There is a narrow window between using an opioid to ease pain following an accident or surgical procedure before becoming addicted.

“The risk of continued opioid use increases at four to five days,” Chesek said. “That’s when using the medication in a helpful way and your risk of becoming addicted spikes. At one year you become caught in a loop that just doesn’t end.”

It keeps getting scarier, said Chesek: “National overdose deaths are spiking. The rates of drug overdoses in rural areas are surpassing rates in urban areas according to 2017 statistics from the Center for Disease Control. Fentanyl can be ordered from China with no questions asked and it is coming in the mail. Heroin, fentanyl and carphenanil (which is an elephant tranquilizer) are all readily available with minimal search effort.”

The dangers of opioid misuse are all too real, as Chesek noted the number of overdose deaths in Nebraska for the 12-month period from March 2017 to 2018 was up 48%.

With permission she shared the nightmares two Nebraska families endured following the loss of loved ones to opioid overdoses.

“In rural communities we don’t talk about mental health and drug issues,” Chesek said. “The family of Andrew Oswald III wrote a heartfelt, no-holds-barred obituary that outlined how opioids contributed to his death.”

Ruth Ehrke of Minden left two small boys.
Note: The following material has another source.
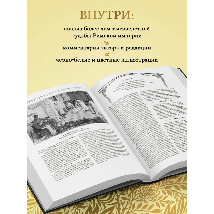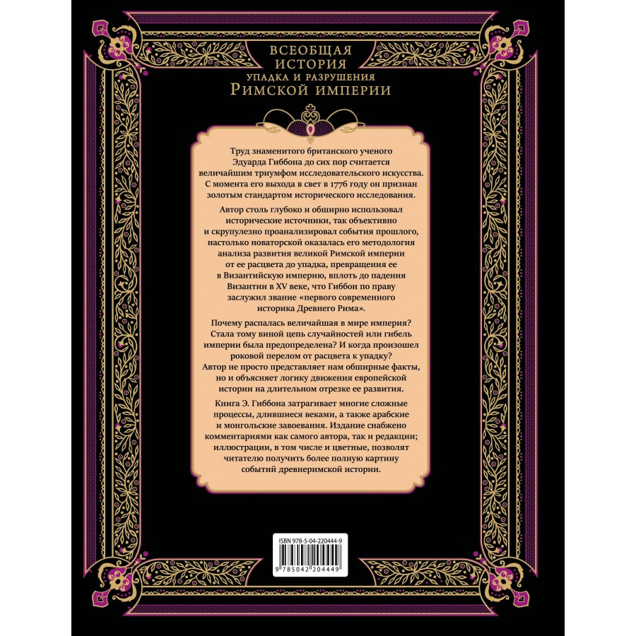 Фундаментальный труд Эдуарда Гиббона «История упадка и разрушения Римской империи» является одним из самых влиятельных и впечатляющих исторических произведений европейской литературы, прочно закрепившимся в общих представлениях об эпохе, которую по праву можно считать колыбелью европейской цивилизации. В фокусе исследования Гиббона — более чем тысячелетняя судьба римской цивилизации от «золотого века» империи при династии Антонинов до падения Константинополя под натиском осман в 1453 году.

She overdosed on heroin and had an altercation that resulted in her death.

“I tell my students it starts with a choice, but soon our choice is taken away from us,” Chesek said.

The cycle of addiction basically hijacks the brain, noted Chesek. It starts with dopamine dump that excites the brain. Shopping, gambling and binge intoxication are just some of the results of an opioid high, she said. This is focused in areas the basal ganglia in the brain.
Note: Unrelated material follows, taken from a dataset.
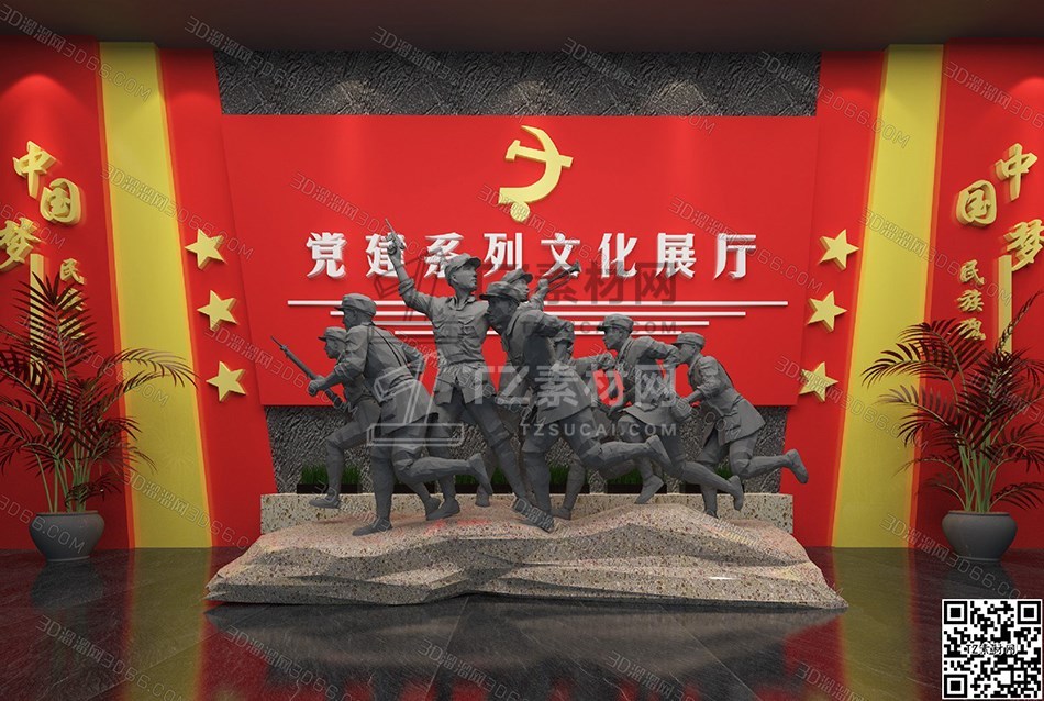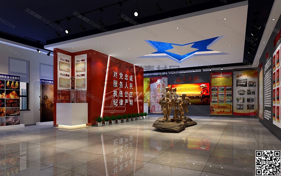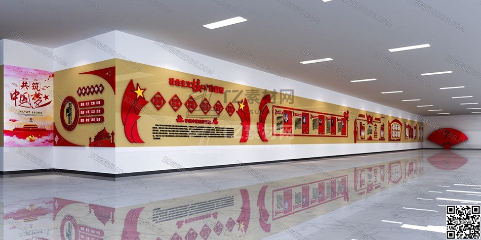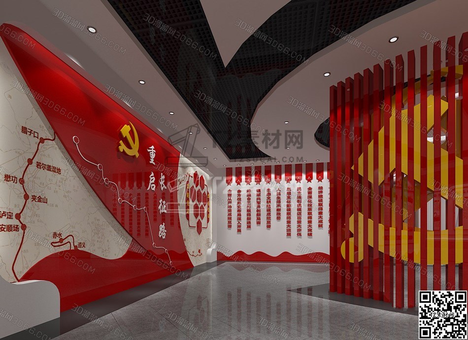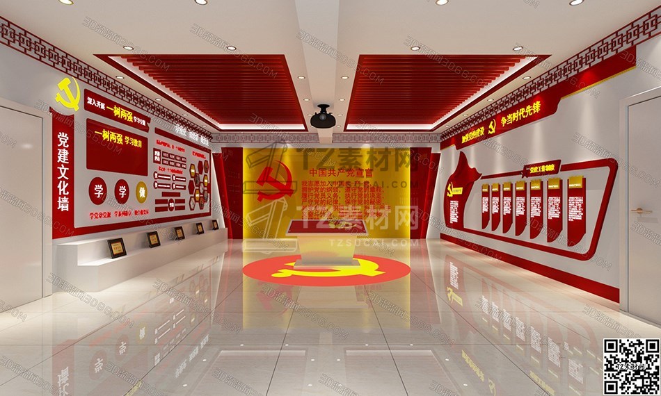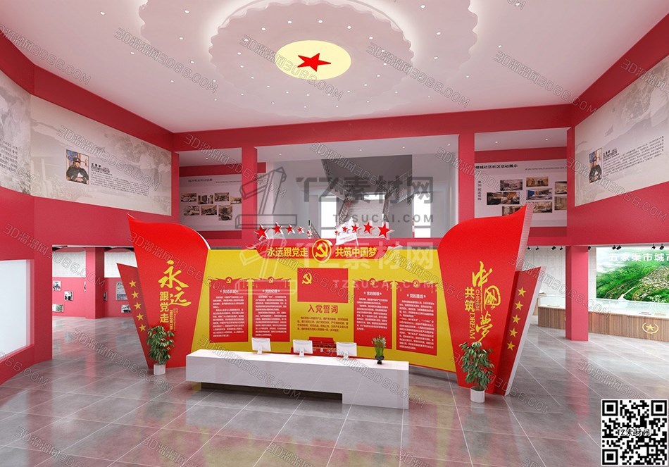 T-277党建类展厅国徽党徽国旗文化墙法院宣传展3D模型

What follows is a crash or negative affect withdrawal.

“Coupled with anxiety we need something to make us feel good, and this is found in the extended amygdala,” she said.

This leads to the preoccupation or anticipation stage, which is found in the brain’s prefrontal cortex. This portion of the brain acts as the general, exercising executive function, Chesek said.

“People caught in this cycle are fighting their own brain. In the addiction cycle it is like people are always hungry,” she said.

The journey back isn’t easy, noted the speaker. Opioid use disorders treatment uses a combination of medication assisted treatment (MAT) and therapy. Some of the drugs used in MAT include methadone, buprenorphine, Naltrexone and Suboxone.

Options for psychosocial or behavioral treatment include outpatient or residential treatment. Family therapy and group counseling are also important as patients seek a new normal. Some benefit from 12-step facilitated therapy, others from cognitive behavioral therapy, contingency management or psychoeducation.

There are a number of intervention and treatment efforts underway to combat the dramatic rise in opioid misuse, noted Chesek. There are “take back” days, where local pharmacies or organizations collect unused opioids. There are also social campaigns and psychosocial education opportunities.

Prescription drug monitoring programs are also helping to tighten up the prescription rate. Above all, Chesek advises: “Educate yourself and when possible lock it up.”

While treatment options exist the biggest challenge is finding it locally. In rural areas it’s typical that only one in three people can get treatment for substance abuse.

“That’s what we’re looking at when dealing with substance abuse disorders,” Chesek said. “There are all types of programs for diabetics and those with heart disease. No other disease would be this ignored.”